Re: [RFC 0/6] optimize ctx switch with rb-tree

From: David Carrillo-Cisneros
Date: Tue Apr 25 2017 - 14:54:51 EST


>
> If I disable traversing in the per-process case then the overhead disappears.
>
> For the system-wide case the ctx->pinned_groups and ctx->flexible_groups lists are parts of per-cpu perf_cpu_context object and count of iterations is small (#events == 29).


Yes, seems like it would benefit from the rb-tree optimization.

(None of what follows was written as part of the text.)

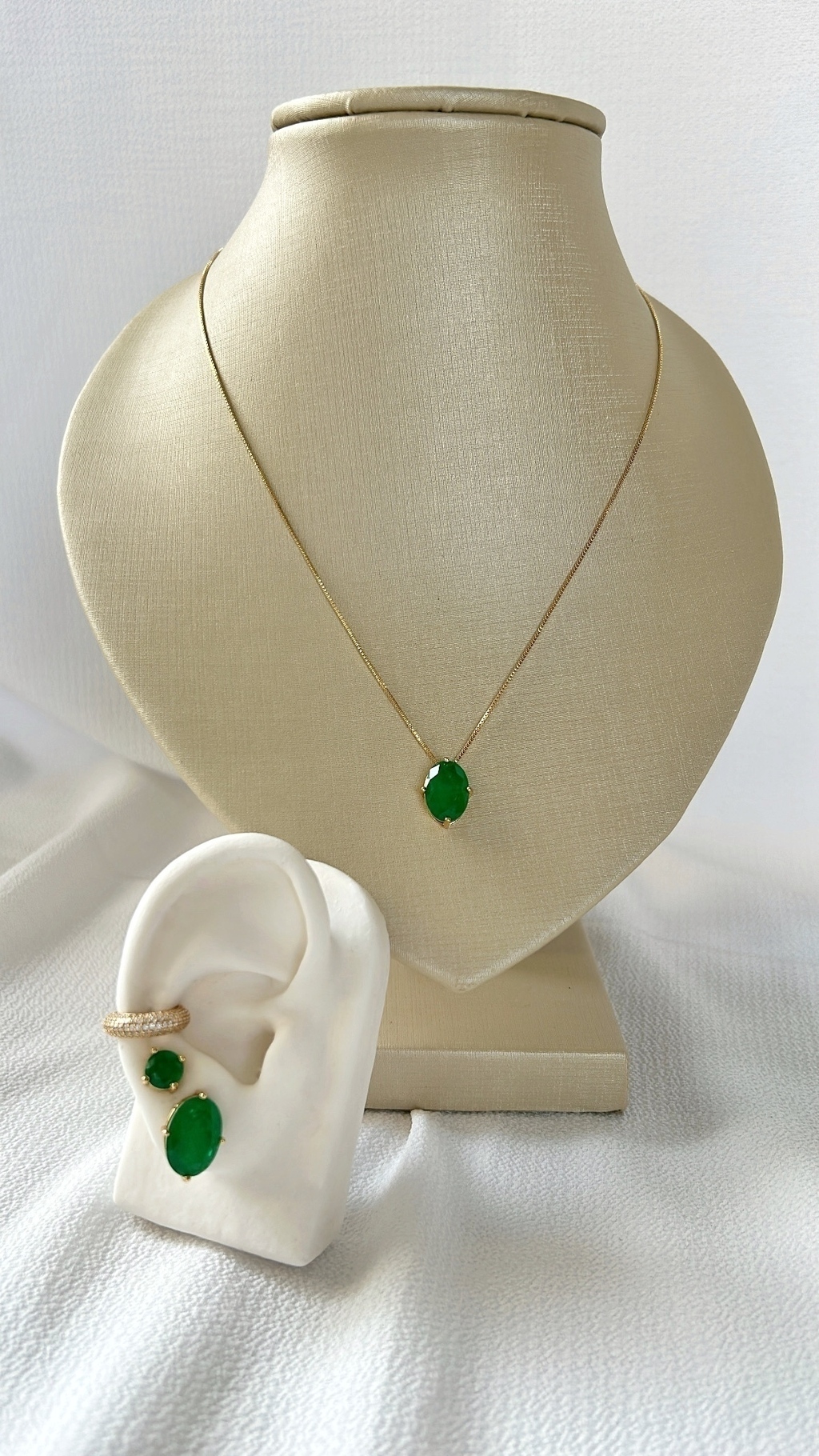 Colar com cristal esmeralda oval banhado a ouro

Something that is wrong in my RFC (as Mark notes in the "enjoyment"
section of https://lkml.org/lkml/2017/1/12/254), is that care must be
taken to disable the right pmu when dealing with contexts that have
events from more than one PMU. A way to do it is to have the pmu as
part of the rb-tree key (as Peter initially suggested) and use that to
iterate events in the same pmu together.

There's still the open question of what to do when pmu->add fails.
Currently, it stops scheduling events, but that's not right when
dealing with events in "software context" that are not software events
(I am looking at you CQM) and in hardware contexts with more than one
PMU (ARM big-little). Ideally a change in event scheduler should
address that, but it requires more work. Here is a discussion with
Peter about that (https://lkml.org/lkml/2017/1/25/365).

If you guys want to work on it, I'll be happy to help review.
Otherwise, I'll get to it as soon as I have a chance (1-2 months).

Thanks,
David